I was in Mallorca, supposedly enjoying the scenic views as we descended the mountain towards a dinner about which I had unhappily muttered to my companions, "This better be freaking awesome." The sun was going down, which meant that the way back to main road would be through starry blackness. There were no guard rails and we were Americans unused to using manual transmission.
No one else seemed fazed by the situation, and I'll admit that that particular view of the sun setting over the Mediterranean is one of the most stunning I've ever seen. Dinner, in the only restaurant in the port, was, well, freaking awesome. Still, the trip home was always hovering in the back of my mind.

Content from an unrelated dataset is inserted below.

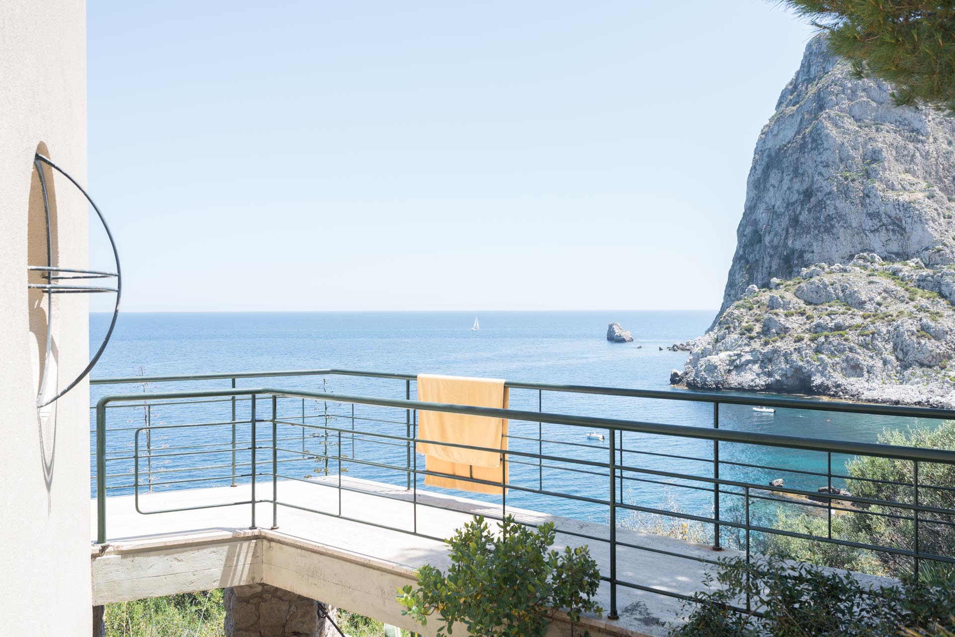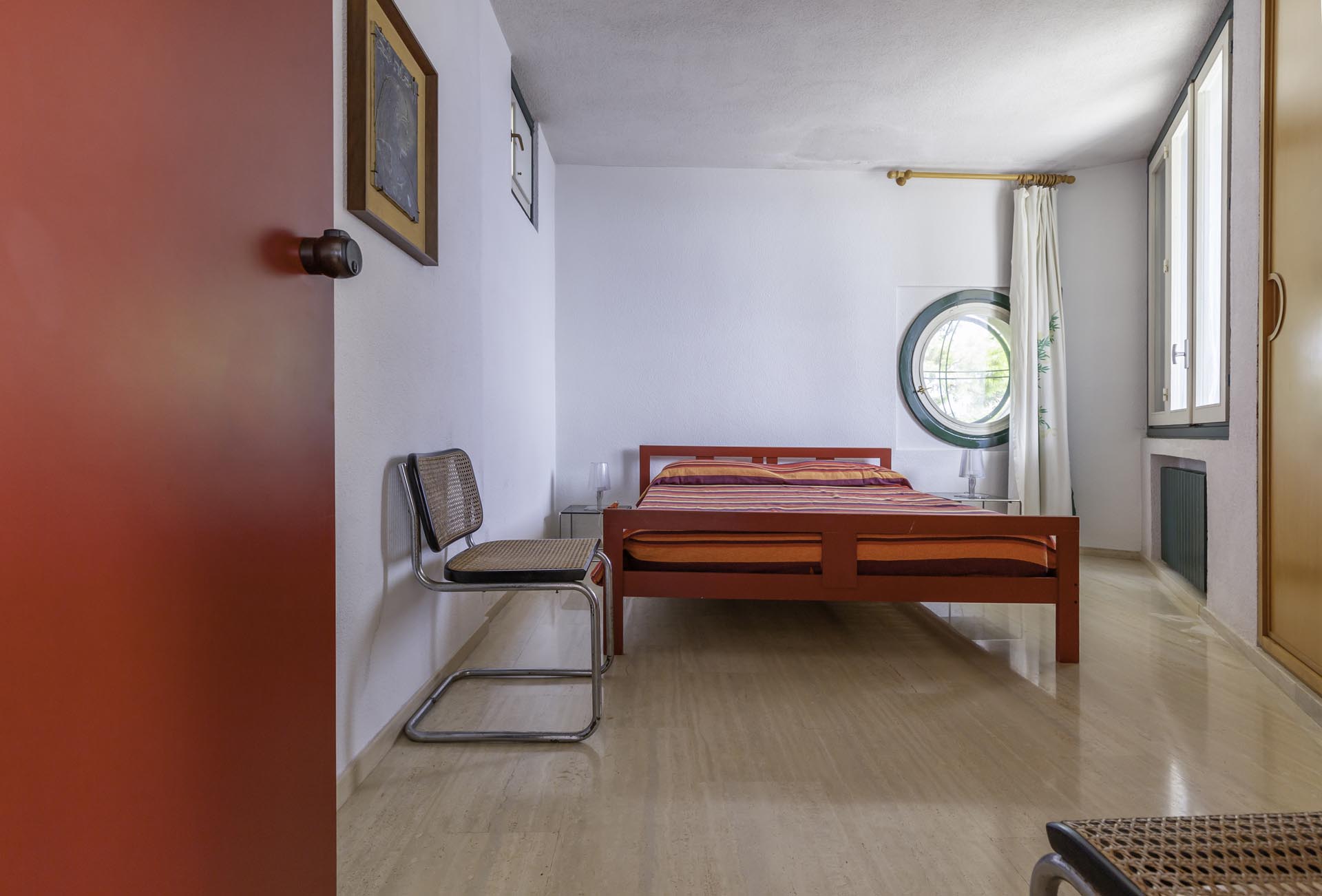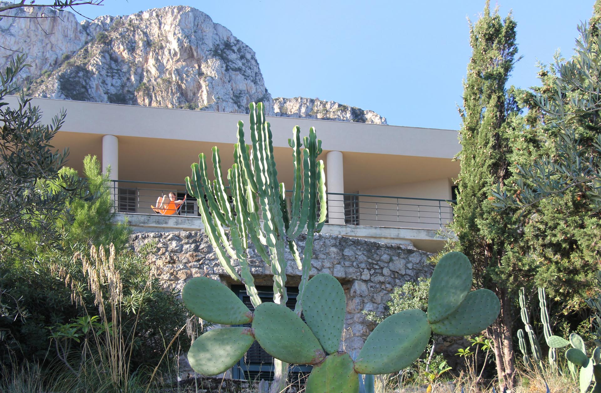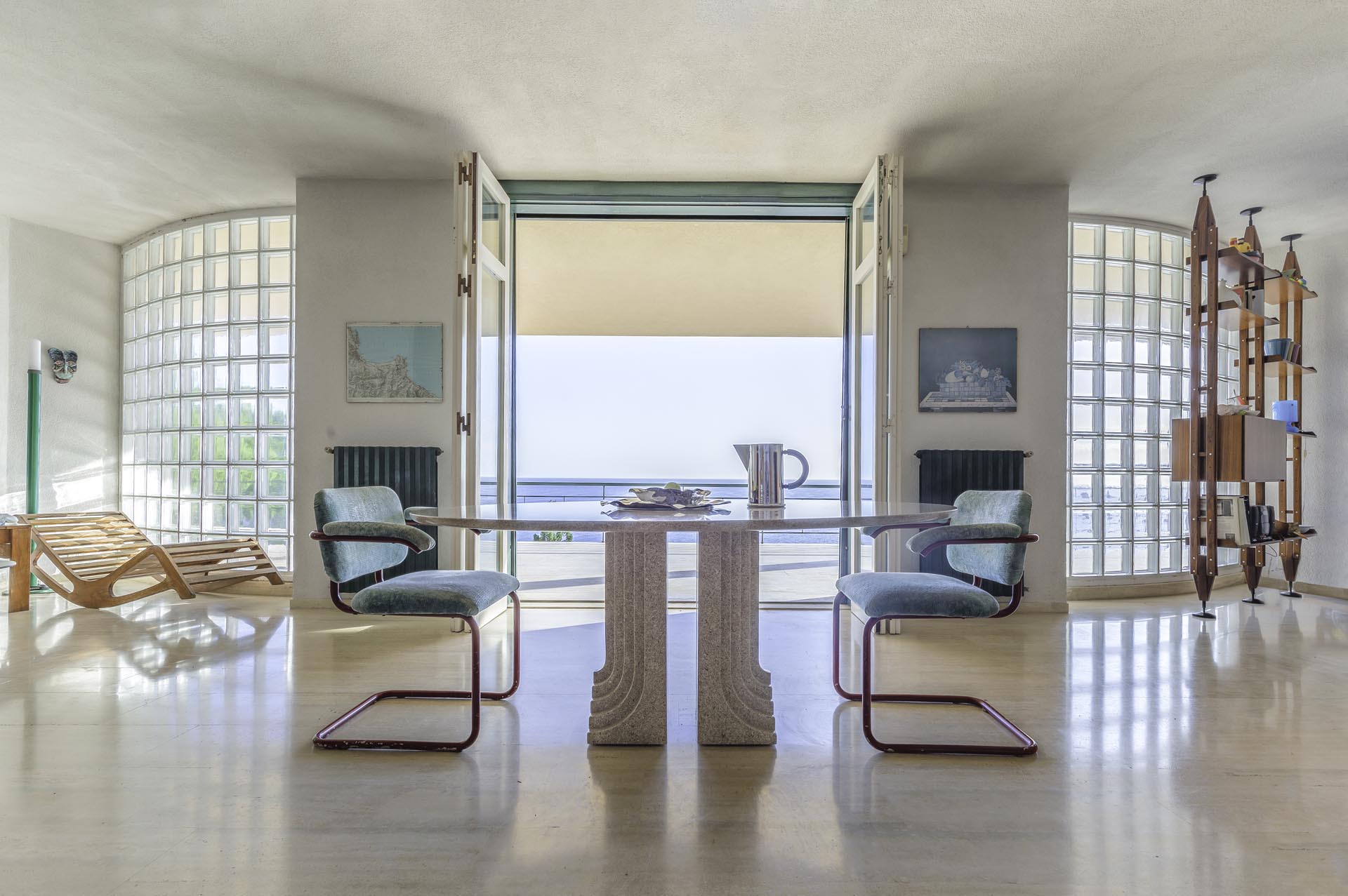 Located near the charming town of Bagheria half an hour away from Palermo, in Sicily, the house comes with its garden made up of olive trees, palms and agaves and with private access to the sea. Set on the highest point of his hills, the three-level house affords views of the scenic landscape from almost every angle.

After we'd finished dessert and coffee and I was verging on panic, a bottle landed on our table. It was large—at least a liter—and it was filled with greenish liquid and a variety of herbs. It was hierbas: a popular, highly alcoholic Spanish after-dinner drink. We were invited to dig in. Dig in I did, and the ride back up the mountain was blissfully fuzzy. As I drank myself some courage, I also nibbled on a plate of anise flavored cookies. It was a powerful one-two punch of alcohol and licorice that stuck with me the next day.
When I saw the recipe for anise cookies in Rustica, my newest Spanish cookbook, I knew I had to make them. These cookies are crisp, with an additional crunch from the whole fennel seeds that are distributed throughout the dough. As I couldn't find a Spanish brand of anise liqueur, I used Sambuca. The cookies have a powerful, distinct licorice flavor from the booze that's emphasized every time you crunch down on a fennel seed.
I'll be blunt: you have to really like anise to like these cookies. They feel a little like a digestive—a little sweet, herbal something to nibble on after dinner. Or before the ride home.